I used the following formula to create the colors for the different rows in breakout. But I find myself repeating the if function 5 times to get 5 different colors. I was wondering if there is a more efficient way to do this without using so many if functions?

    for (int j = 0; j < COLS; j++)
    {
        brick = newGRect(6 + (brickwd + brickspc) * j, 40 + (brickht + brickspc) * i, brickwd, brickht);
        setFilled(brick, true);
        add(window, brick);
        if (i == 0)
        {
            setColor(brick, "black");
        }
        else if (i == 1)
        {
            setColor(brick, "red");
        }
        else if (i ==2)
        {
            setColor(brick, "orange");
        }
        else if (i == 3)
        {
            setColor(brick, "green");
        }
        else
        {
            setColor(brick, "blue");
        }   
    }

Answer 1

Yes. Usually there's a better approach to do something specially when you find yourself repeating code or checking every possible case manually to do something different in each situation.

I prefer the idea of storing all the color names I want in an array of strings, specify the size of that array and maybe hard-code it (you can calculate it either) and sense the changing the color of a brick mainly depends on i, I would do something like

setColor(myColors[i % arrayLength], brick);

where myColors is the array of strings that contains the color names, arrayLength is the length of the array (and I'm taking the remainder of dividing i by this length to ensure that my index is always valid) and brick is the brick that you're setting its color.

Answer 2

Definitely, your if series must be improved.

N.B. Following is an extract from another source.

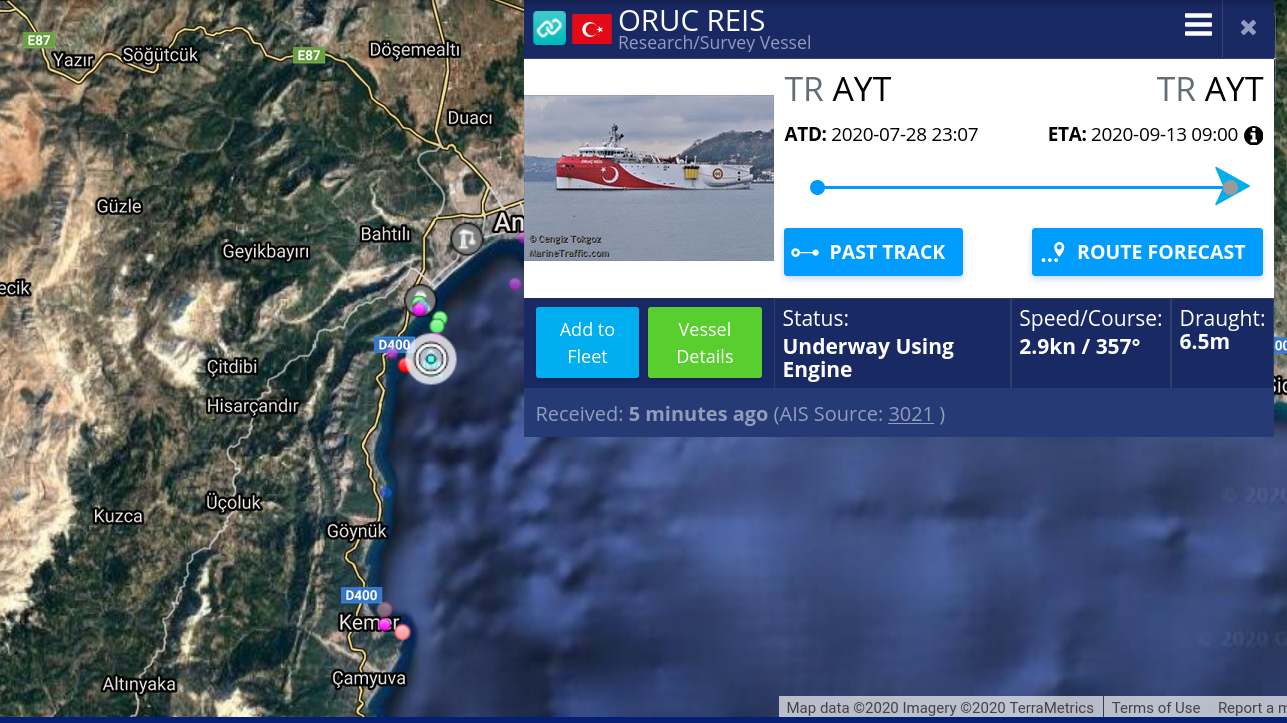 Έφτασε στην Αττάλεια το Oruc Reis, μετά και τη μη ανανέωση της τουρκικής Navtex που έληγε χθες Κυριακή 12 Σεπτεμβρίου. Σύμφωνα με τον θαλάσσιο χάρτη πλοίων του MarineTraffic, το τουρκικό ερευνητικό σκάφος βρίσκεται στο εσωτερικό του λιμανιού.

I did it similarly to the @Kareem's approach. I also made an array of colours with the length of the number of rows. Then in the same loop where the brick rows instantiated, I add colour feature to each brick.

Answer 3

This is just a thought, because I feel the answers so far have been somewhat more difficult than my solution. They are probably cleaner but I was thinking along simple lines...

Thanks though to Kareem, I figured this out because you mentioned break.

I used switch/case, similar to your ifs but cleaner looking, no arrays. Mine didn't work either. But I saw an example online for cases and after each case it used break. I just added a break to each case....

    switch(i) //this instantiates but the coloring doesnt work. need a new set of rectangles for each line to set each individual color.
    {
        case 0: setColor(brick, "RED");
            break;
        case 1: setColor(brick, "ORANGE");
            break;
        case 2: setColor(brick, "YELLOW");
            break;
        case 3: setColor(brick, "GREEN");
            break;
        case 4: setColor(brick, "BLUE");
            break;

When I didn't add the breaks, ALL the bricks were the LAST color. The break kept each case from changing all the bricks' colors each time.

Not as fancy as an array but I guess the point is, breaks were needed to get this to instantiate like the CS50 example.